Right, but most of the time those are architecture specific and RVV 1.0 is substantially different than say, NEON or SSE2, so you need to change it anyways. You also typically use specialized registers for those, not the general purpose registers. I'm not saying there isn't work to be done (especially in for an application like this one, that is extremely performance sensitive), I'm saying that most applications won't have these problems are be so sensitive that register spills matter much if at all.

replies(1): >>41370815 #

11. tormeh ◴[27 Aug 24 15:33 UTC] No.41368702{4}[source]▶

>>41368271 #

I'd assume it uses RADV, same as the Steam Deck. For most workloads that's faster than AMD's own driver. And yes, it uses Wine and DXVK. As dar as the game is concerned it's running on a DirectX-capable x86 Windows machine. That's a lot of translation layers.

12. packetlost ◴[27 Aug 24 15:36 UTC] No.41368734{6}[source]▶

>>41368149 #

Looks like an APL project? That's really cool!

13. Pet_Ant ◴[27 Aug 24 17:23 UTC] No.41370208[source]▶

>>41367403 (TP) #

No, any ISA pretty much should be equally good for any type of workload. If you are doing assembly programming then it makes a difference but if you were doing something in Python or Unity it really isn’t going to matter.

This is more about being free of ARM’s patents and getting a fresh start using the lessons learned

14. fngjdflmdflg ◴[27 Aug 24 17:36 UTC] No.41370359{4}[source]▶

>>41368271 #

I read somewhere that since floating point addition is not associative the compiler will not autovectorize because the order might change.

replies(1): >>41370773 #

15. vlovich123 ◴[27 Aug 24 18:07 UTC] No.41370773{5}[source]▶

>>41370359 #

It’s somewhat more complicated than that (& presumed your hot path is floating point instead of integral), but that can be a consideration.

replies(1): >>41372962 #

16. vlovich123 ◴[27 Aug 24 18:10 UTC] No.41370815{5}[source]▶

>>41368685 #

I’m highlighting that the compiler doesn’t automatically take care of vector code quite as automatically and as well as it does register allocation and instruction selection which are slightly more solved problems. And it’s easy to imagine that a compiler will fail to optimize a piece of code as well on something that’s architecturally quite novel. RISCV and ARM aren’t actually hugely dissimilar architectures at a high level that completely different optimization need to be written and even selectively weighted by architecture, but I imagine something like a Mill CPU might require quite a reimagining to get anything approaching optimal performance.

17. fngjdflmdflg ◴[27 Aug 24 20:59 UTC] No.41372962{6}[source]▶

>>41370773 #

What are the other considerations? (assuming we are dealing with FP)

replies(1): >>41374143 #

18. vlovich123 ◴[27 Aug 24 22:53 UTC] No.41374143{7}[source]▶

>>41372962 #

Disclaimer: not an expert here so could be very very wrong.
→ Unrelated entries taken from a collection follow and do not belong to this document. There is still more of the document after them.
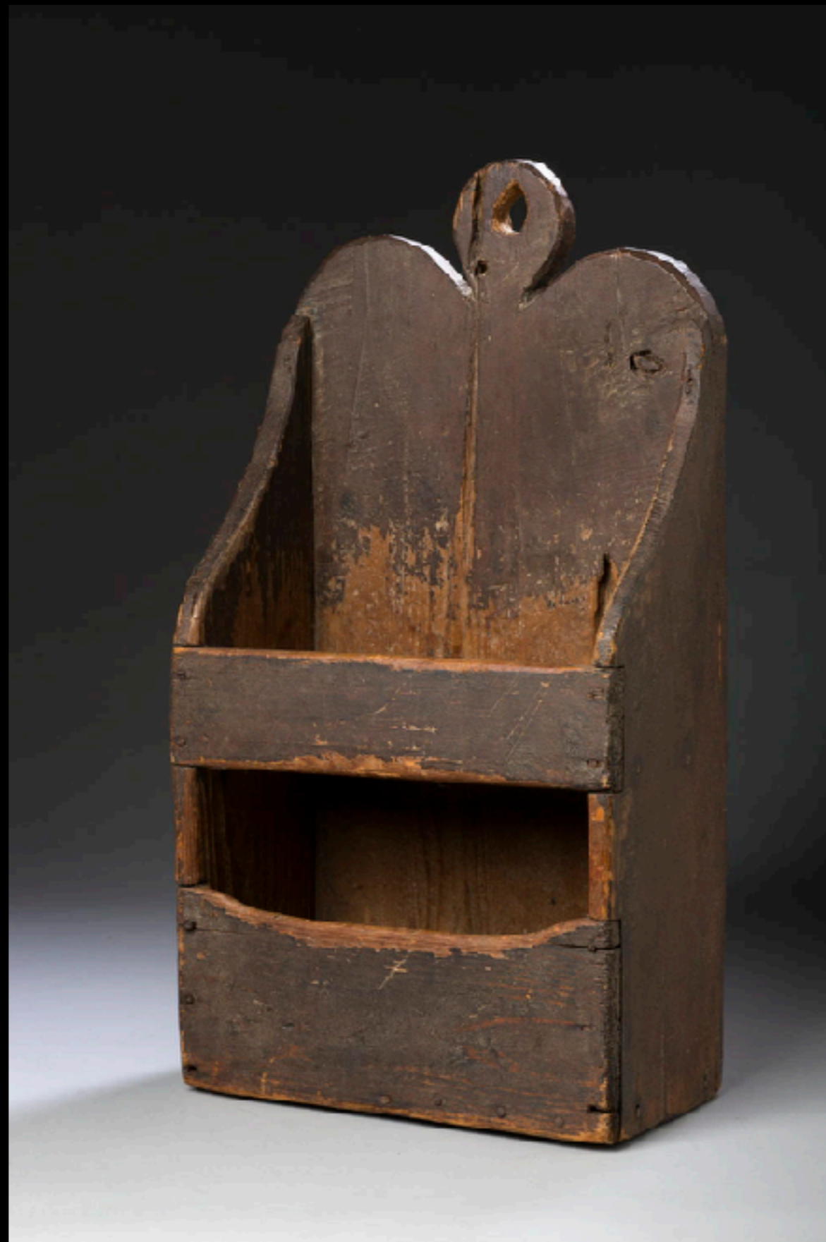
American Wall Box in Spanish Brown Paint Late 18th / Early 19th Century (Northeast Auctions)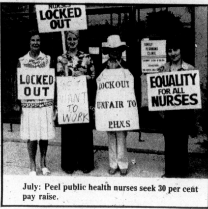
July: Peel public health nurses seek 30 per cent pay raise.

The problems were cleared up and construction began.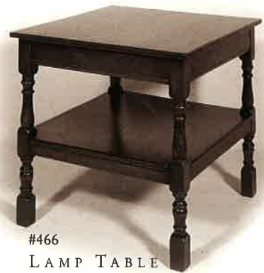
#466 LAMP TABLE 22"W X 22"D X 23"H Illustrated in oak.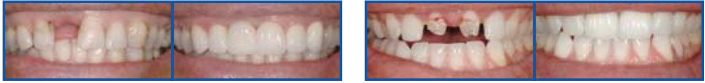
Actual Patient Treatments by Dr. Stephen Phelan

There is no need to suffer from tooth loss! Dr. Stephen Phelan can restore your smile, dental function and confidence with dental implants. Dental implants can make it possible for you to look better, feel healthier and enjoy eating again. Whether you are missing one tooth, many teeth, or all of your teeth, dental implants are often the preferred method of tooth replacement. There are many reasons for losing your teeth, including cavities, gum disease, bite problems, fractured roots, and accidents. When you loose your teeth the bone that surrounds and supports the tooth root deteriorates and melts away in a process similar to the atrophy that occurs in muscles from a lack of use. If you loose a tooth at the front of your mouth the result can be a visible defect in the bone and gums that is difficult to hide and will affect the appearance of your smile. The dental implant replaces the missing tooth root and preserves the remaining bone. Dental implants will make it possible to smile again with confidence and enhance your overall quality of life. If you would like to schedule a free dental implant consultation appointment with Dr. Stephen Phelan, please call our office at 905.827.1619.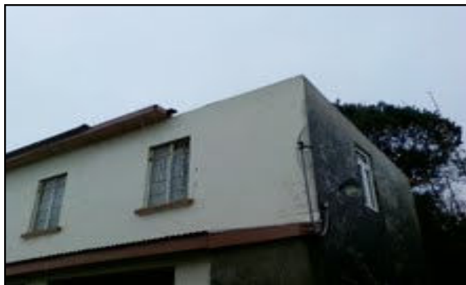
Sharon Moravian Manse in Barbados

In Barbados Tropical Storm Tomas crept up on them at about 2 am on Saturday October 30 and brought flooding, downed large trees and power lines and tore off the roofs from many buildings. Many houses were totally destroyed. The Strong winds tore off a section of roof of the Moravian Manse at the Sharon Moravian Church.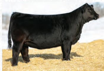
WESTBROOK BROOKE 3K Flush Mate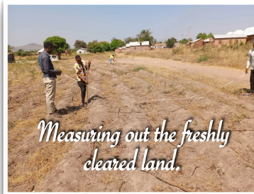
Measuring out the freshly cleared land.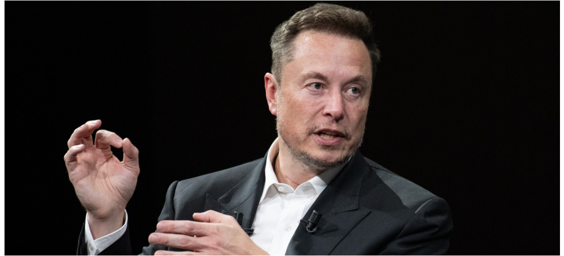
ELON MUSK leads the “Department of Government Efficiency”.

DOGE – which is not an official department of the federal government – was created with the premise of seeking to curb “wasteful” government spending.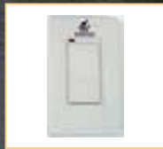
Wall Switch (WS-2R)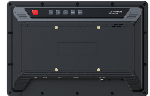
Monitor IP6X 10.1 back view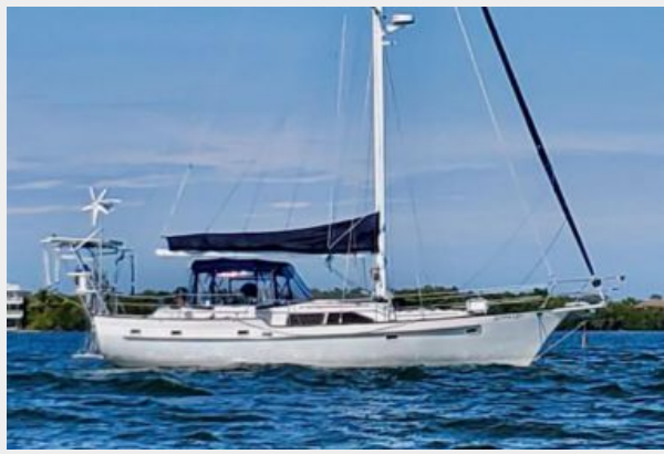
Irwin 43 MK III - Ancora Qui - 1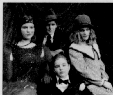
Bugsy Malone Jr.

Bugsy Malone Jr. -- A young mob of prohibition-era gangsters recreate the 1920 film classic at the Northwest Children's Theater. Performances are Saturday and Sunday matinees at 2 p.m. through April 18 at the NW Neighborhood Cultural Center, 1819 NW Everett St. Special Spring Break matinees March 28-31 at 2 p.m. For tickets call 503-222-4480 or visit www.nwcts.org .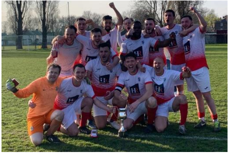
MINOR CUP: St. James' Old Boys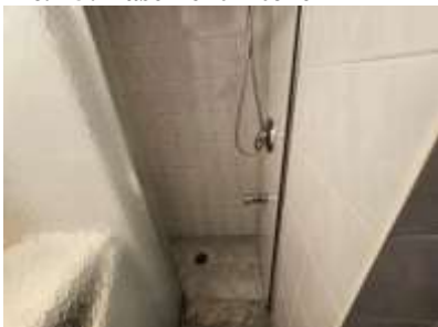
Pic. 28: Basement bathroom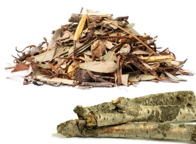
Yard Trimmings & Untreated Wood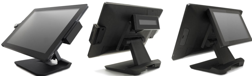
Modular design peripherals for easy serviceability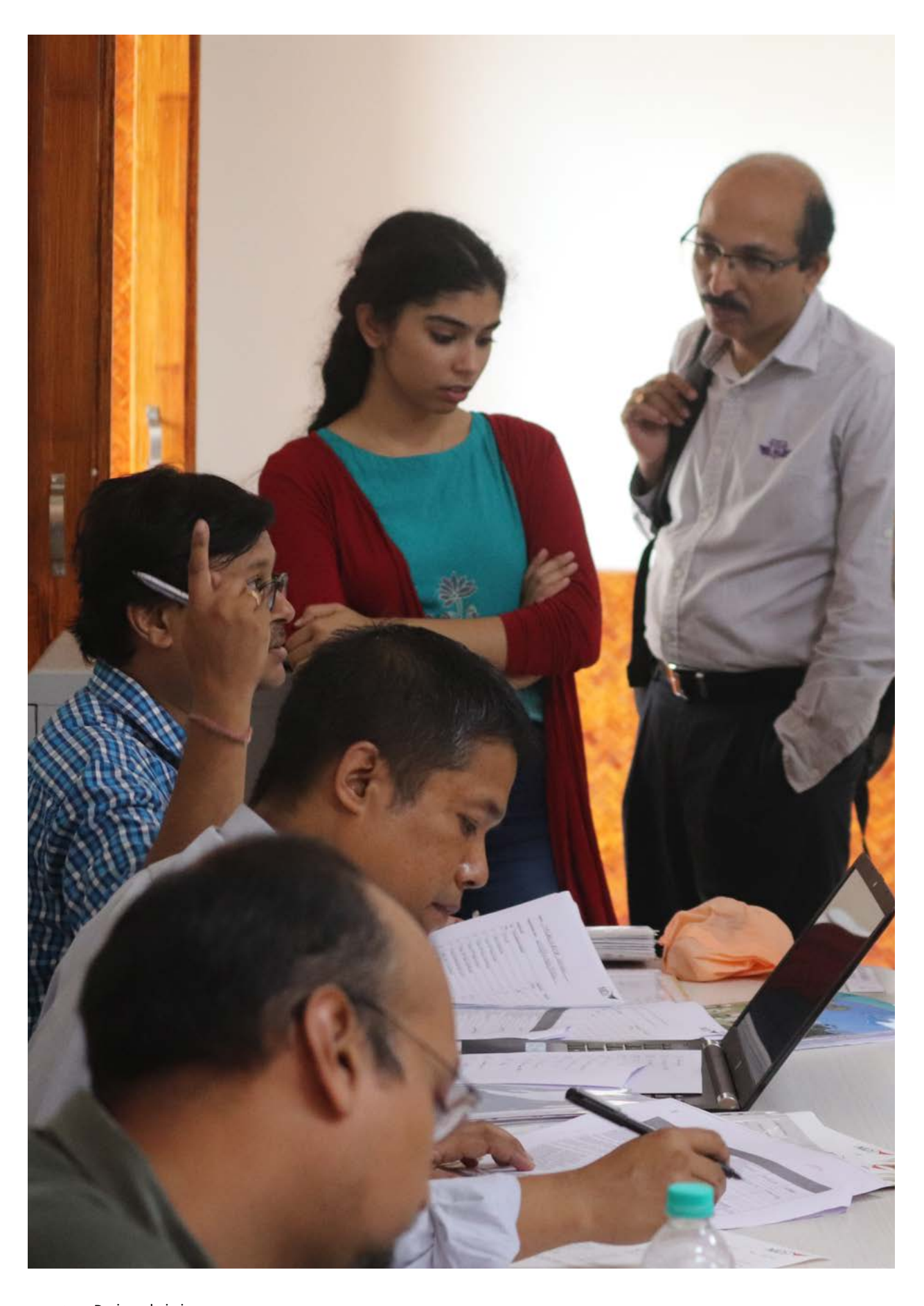
▲ ABOVE During admission process at NID, Assam, 2019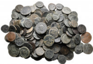
2501 Lot of ca. 200 late roman bronze coins / SOLD AS SEEN, NO RETURN! very fine 10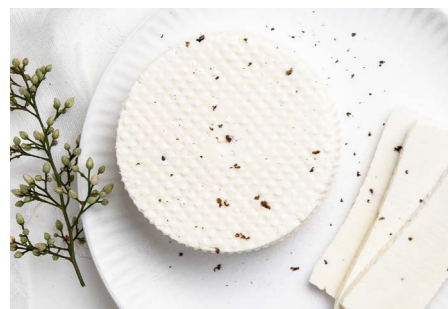
CACIOTTA WITH TRUFFLE Fresh cow milk cheese with black truffles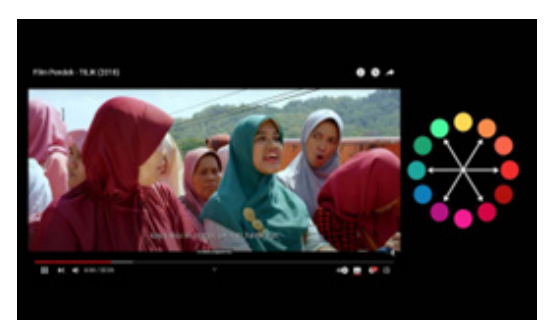
Figure 15. The scene when the group of women boarded the truck to go to visit the lurah

reaches 90% using complementary colors. The selection of complementary colors is used to display a dramatic contrast, namely warm and cool. The choice of color can support the storyline, namely gossip scenes interspersed with feuds in the short film Tilik.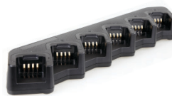
MCU Multi-Unit Charger (For Thick Battery) MCA08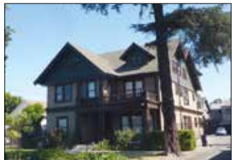
GRIFFITH HALL 939 West 21st Street Twin Studios - $2,100/month

ALL OUR HISTORIC HOUSES ARE NORTH OF CAMPUS IN USC'S PUBLIC SAFETY ZONE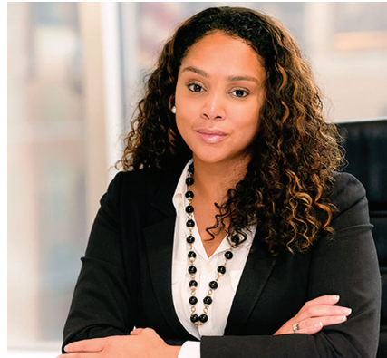
Marilyn J. Mosby, Baltimore City State's Attorney

I regularly ran into Mosby and her husband at a downtown black-owned restaurant. Later, as part of my Coppin State University Urban Studies program before the deceased Freddie Gray ordeal, I believe. The writer is just setting the record straight.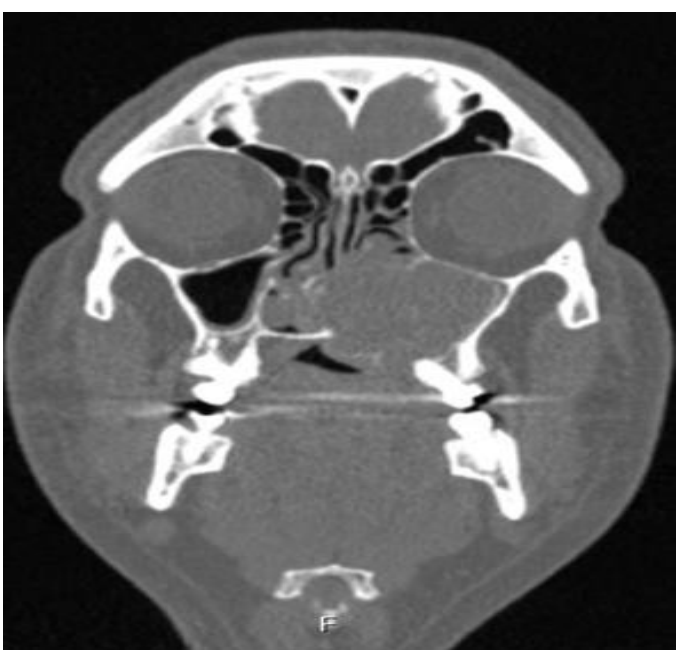
Figure 2. The appearance of the lesion on coronal CT.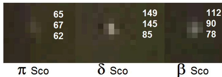
Fig. 3. – The stars with their brightest 3 pixels, used for the estimation of the magnitude. Here is the image of July 12, 2011, with delta very close to the full Moon. The intensity of each star is proportional to the sum \Sigma of the three brightest pixels in the G channel. The relative error of such hypothesis of proportionality to the sum \Sigma , due to Poisson's statistics, is 1/\sqrt{\Sigma} . This channel is the closest to Johnson's V band [7]. The luminosity of delta Scorpii with respect to its reference stars \beta and \pi is M_{v\beta, \pi} - 2.5 \log(\Sigma\delta/\Sigma\beta, \pi) . The value published in the AAVSO website is the average (M_{v\beta} + M_{v\pi})/2 and the errorbar adopted is the semi-difference between M_{v\beta} and M_{v\pi} .

Alpha Orionis and Alpha Scorpii itself, are very interesting targets of similar observational campaigns, as well as other bright stars. Being the brightest stars in their surroundings the calibration of the detectors is crucial for the success of these studies.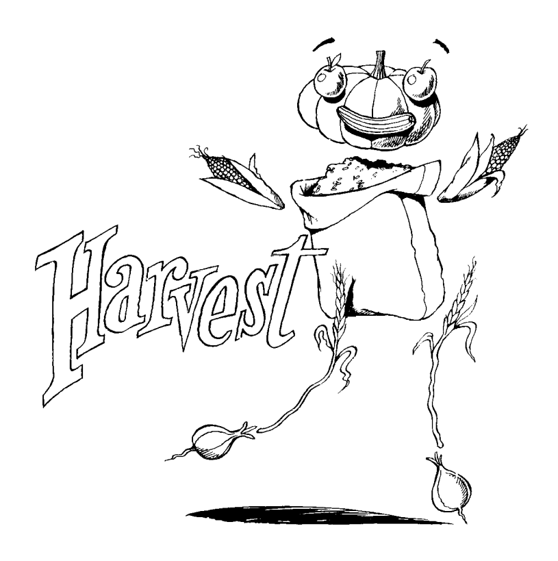
Church of Scotland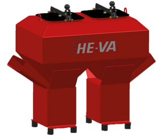
Multi-Seeder Twin 90/140-12-HY-AC 668 x 800 (1,180) mm H=900 (1,076) mm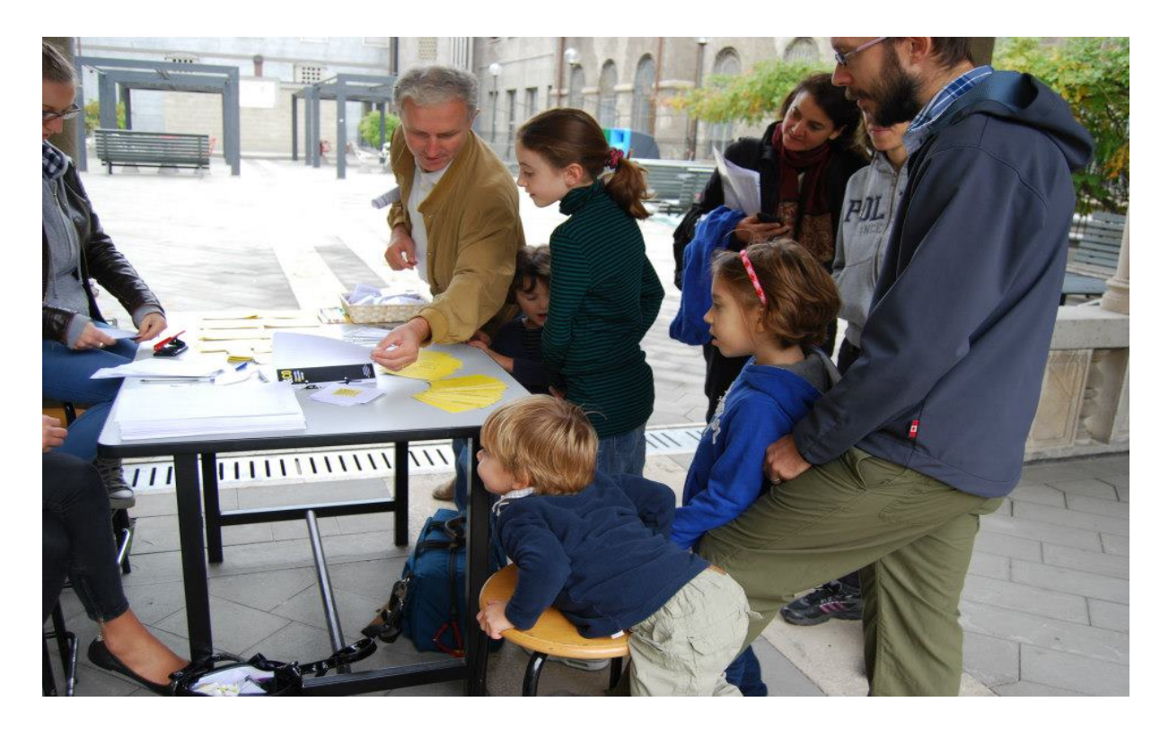
Figure 2. Interviews with Quarto Oggiaro Neighbours

Within the context of the European project My Neighbourhood a long term experiment of SI design has been conducted by a team of design researchers. The Milano pilot experiment has taken place in the Quarto Oggiaro neighbourhood, located in the northwest area of Milano, not far from where the 2015 Expo has been located. Here the entire SI design process has been conducted thanks to a strong collaboration between the Politecnico di Milano (holding a long tradition in design and in urban planning research) the Municipality of Milano, the associations and volunteers that operates in this area, the people who leave there. This mixed design team performed all the activities in the context and managed the interactions with the local communities and stakeholders to engage them in the co-design process and in the SI experimentation. The pilot has been conducted for 1 year and half. The First months have been dedicated to exploring and approaching the neighbourhood.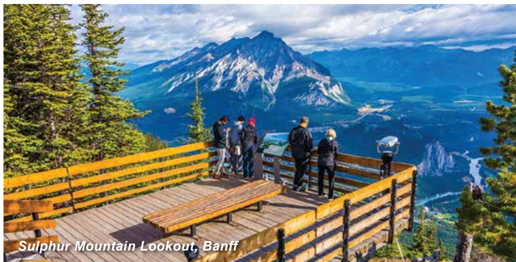
Sulphur Mountain Lookout, Banff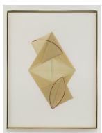
Dorothea Rockburne Parallelogram with two small squares (from Vellum Curve series) , 1978 Mixed media, vellum, pencil, glue and varnish 42 1/2 x 32 1/2 inches 108 x 82.6 cm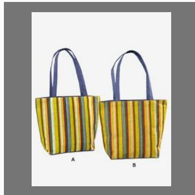
Bags With Printed Stripes(6031 A-B)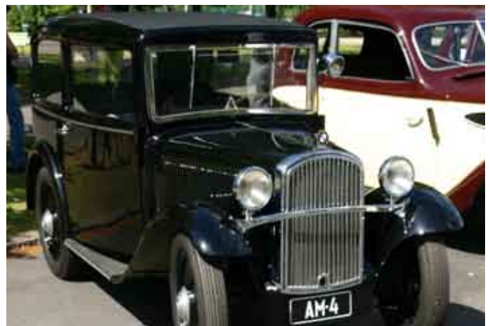
The oldest model AM-4

Almost three hundred stickers with a special 15 th anniversary logo were distributed, one for every BMW. So at least that was the amount of cars that were present. More than 600 club members visited the area. All records of their own sort. After the outdoor gathering, the event continued at the Rantapuisto Hotel where the general meeting was held. The club board presented it's current outlines and plans for club activities and additional topics pointed out by club members were discussed. Overall the meeting was very unanimous, in conclusion it can be stated that the current way of working and the board plans are well received. The evening continued with a "standard" program, dinner and sauna. During the next day some most active club members continued to discuss forthcoming club activities and implementation plans. The discussion will continue later during the autumn, in a meeting for club section heads.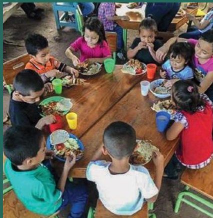
Mothers have learned how to prepare nutritious meals for their children.

95 percent of neighbourhoods now have trained health committees that oversee health, nutrition and immunisation programs, which will help ensure the health of community members into the future.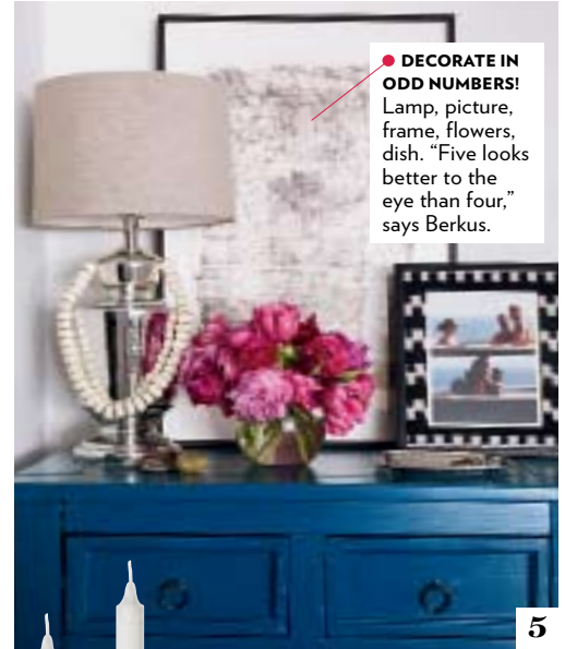
Cody Foster candlesticks, $15 each, 800-595-5907 for store locations

● DECORATE IN ODD NUMBERS! Lamp, picture, frame, flowers, dish. "Five looks better to the eye than four," says Berkus.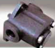
• AP-30 Pump 3/8"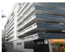
Total House laneway side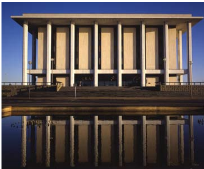
The iconic National Library of Australia in Canberra

The National Library's foundation stone was laid by then Prime Minister Robert Menzies on 31 March 1966 – he reportedly desired “something with columns”. The architects, Bunning and Madden, obliged with clear references to the Parthenon in Athens. The building was opened on 15 August 1968 by the then Prime Minister John Gorton, with its readers invited through the doors three days later.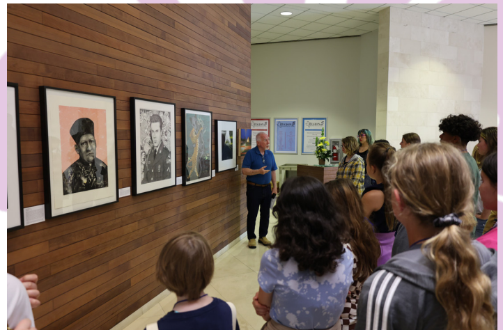
Teens attend Teen Week ArtVentures Camp.

have many exciting courses to choose from including clay, woodwork, mixed media, watercolor, and the art of melting. Campers will experiment with acrylic pouring, collaborative murals and much more.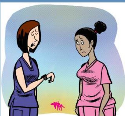
"A hacker logged into my fitness tracker and stole all my steps!"

Discover What Most IT Consultants Don't Know Or Won't Tell You About Moving Your Company's Network To The Cloud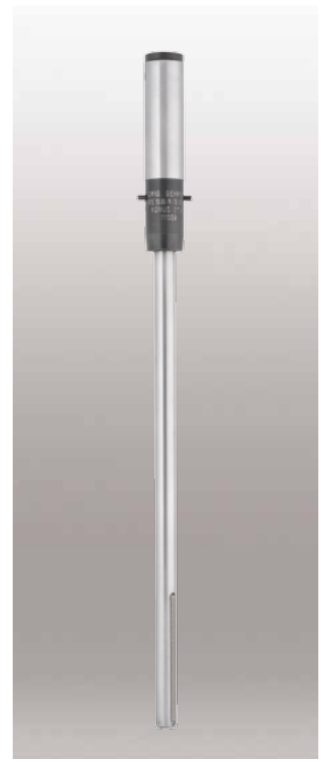
Honing tool L series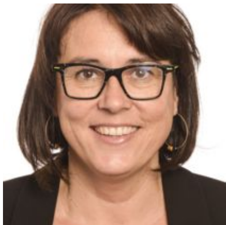
Diana Riba i Giner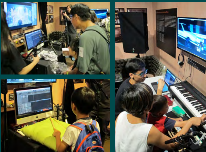
齊來做擬音師 Let's be a foley artist

Cheung added that sounds of swordplay in wuxia films could be generated by fencing with steel rulers while the demonstrators used computer software to tune pre-recorded engine sounds and stage a thrilling car race. Participants were all amazed by the imagination and creativity of foley artists, and everyone had the chance to apply what they had learned immediately and be a foley artist. Kids and grown-ups alike all enjoyed it and had so much fun. [Translated by Hayli Chwang]

This is just my understanding so happy to be corrected.

Another would be that something like fused multiple add would have different (higher if I recall correctly) precision which violates IEE754 and thus vectorization since default options are standard compliant.

Another is that some math intrinsics are documented to populate errno which would prevent using autovec in paths that have an intrinsic.

There may be other nuances depending on float vs double.

Basically most of the things that make up ffast-math i believe would prevent autovectorization.

replies(1): >>41375002 #

19. dzaima ◴[28 Aug 24 01:02 UTC] No.41375002{8}[source]▶

>>41374143 #

Fused multiply add applies equally to scalar and vectorized code (and C actually allows compilers to fuse them; there's -ffp-contract=off / the FP_CONTRACT pragma to turn that off); the compiler/autovectorizer can trivially just leave multiply & add as separate if so requested (slower than having them fused? perhaps. But no impact at all on scalar vs vector given that both have the same fma applicability).

For <math.h> errno, there's -fno-math-errno; indeed included in -ffast-math, but you don't need the entirety of that mess for this.

Loops with a float accumulator is I believe the only case where -ffast-math is actually required for autovectorizability (and even then iirc there are some sub-flags such that you can get the associativity-assuming optimizations while still allowing NaN/inf).